(Beginning of Input material)
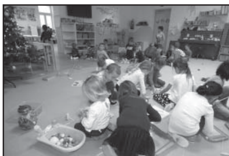
Radost z nových dáreků...
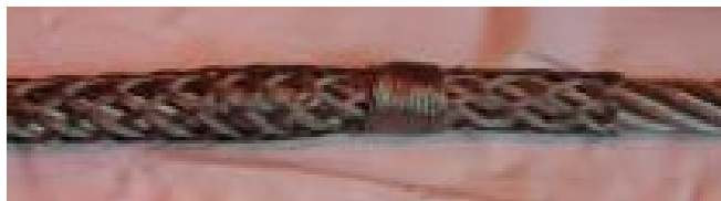
Montering af sikkerhedsbindsel udvendig
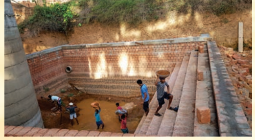
ಮಳೆ ನೀರಿನ ಶೇಖರಣೆಗಾಗಿ ಕೆರೆಯ ಹೂಳೆತ್ತುತ್ತಿರುವುದು
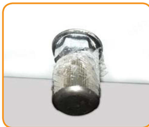
Aislado de controles de la unidad dental con plástico
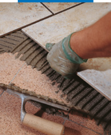
Sovrapposizione di un rivestimento in monocottura su marmette esistenti
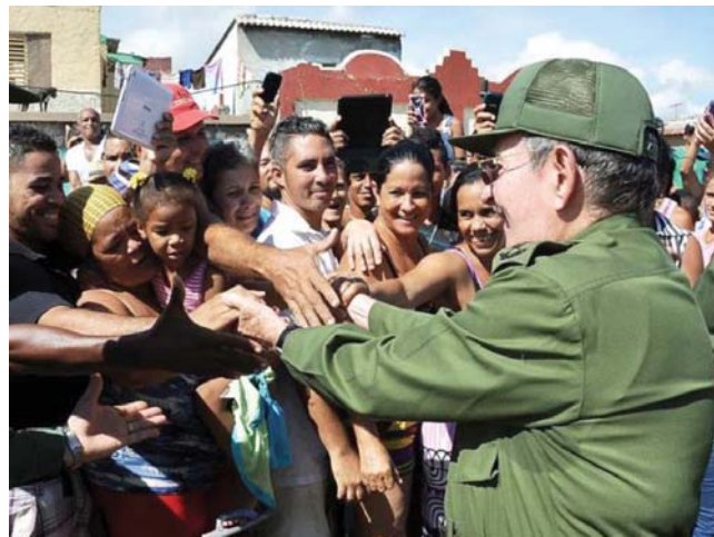
En intercambio con afectados por el huracán Matthew en Baracoa.
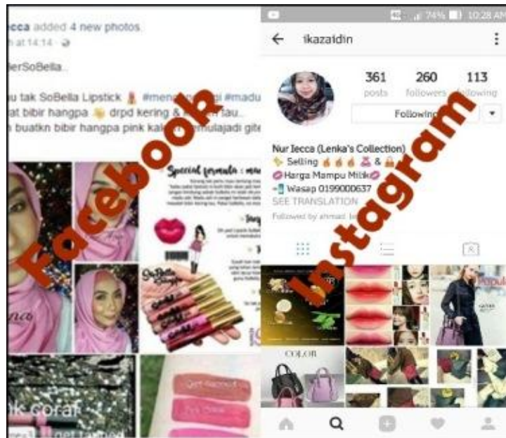
Caption : Promosi di laman Facebook dan Laman Instagram
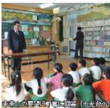
市長への要望に丁寧に回答 (七光台小)

◆市長と話す集会 小中学生アンケートを踏まえ、10月から各小中学校を訪問し、「市長に会いたい、話してみたい」と希望する児童生徒と直接意見交換を行いました。印象に残ったことを幾つか申し上げますと、野田の良さとして、自然が多いところと感
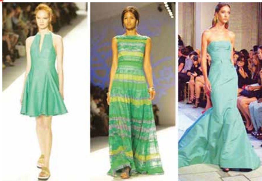
Xanh ngọc đang thống lĩnh bảng màu khi không ngừng bứt phá từ năm ngoái
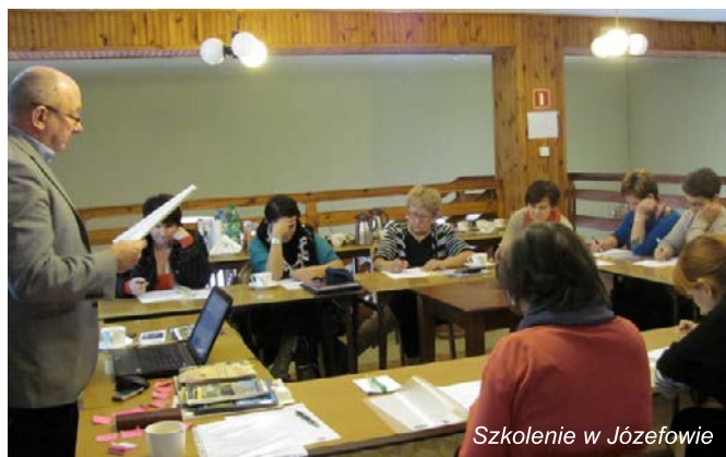
Szkolenie w Józefowie

W szkoleniach uczestniczyło łącznie ponad 60 osób prowadzących lub planujących rozpoczęcie działalności agroturystycznej na obszarze LGD „Nasze Roztocze”. Przekazana podczas spotkań wiedza teoretyczna została uzupełniona licznymi przykładami i dobrymi praktykami, dzięki czemu uczestnicy uzyskali najbardziej aktualne i rzetelne informacje. Będą one z pewnością przydatne w planowanej lub prowadzonej działalności agroturystycznej, szczególnie że zostały przekazane przez osobę zajmującą się oceną standardu usług oferowanych przez gospodarstwa agroturystyczne.
(End of Input material)
• Task to carry out
Pictures excluded, transcribe the listing above exactly from the line with "Sovrapposizione di un" through the line with "Szkolenie w Józefowie", and no further.

• Response to this task
Sovrapposizione di un rivestimento in monocottura su marmette esistenti
En intercambio con afectados por el huracán Matthew en Baracoa.
Caption : Promosi di laman Facebook dan Laman Instagram
市長への要望に丁寧に回答 (七光台小)

◆市長と話す集会 小中学生アンケートを踏まえ、10月から各小中学校を訪問し、「市長に会いたい、話してみたい」と希望する児童生徒と直接意見交換を行いました。印象に残ったことを幾つか申し上げますと、野田の良さとして、自然が多いところと感
Xanh ngọc đang thống lĩnh bảng màu khi không ngừng bứt phá từ năm ngoái
Szkolenie w Józefowie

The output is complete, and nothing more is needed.